— What you have to do —
Copy down every line of the data that follows exactly. Omit the pictures.

— Data provided —
———
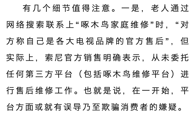 分论点:阐述网络维修平台的风险——1、有些品牌从未委托任何第三方平台(包括啄木鸟维修平台)进行售后维修工作,平台方面或就有误导乃至欺骗消费者的嫌疑。
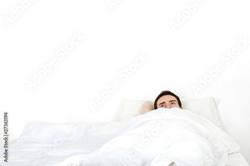 Alone young man in a bed
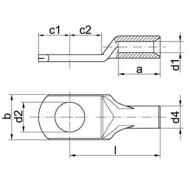 Fût chanfreiné pour faciliter l'insertion du câble. Sertissage par poinçonnage avec outils manuels, hydrauliques ou électrohydraulique. Sections disponibles de 1,5 à 95mm².
———
— Reply to the exercise —
 分论点:阐述网络维修平台的风险——1、有些品牌从未委托任何第三方平台(包括啄木鸟维修平台)进行售后维修工作,平台方面或就有误导乃至欺骗消费者的嫌疑。
 Alone young man in a bed
 Fût chanfreiné pour faciliter l'insertion du câble. Sertissage par poinçonnage avec outils manuels, hydrauliques ou électrohydraulique. Sections disponibles de 1,5 à 95mm².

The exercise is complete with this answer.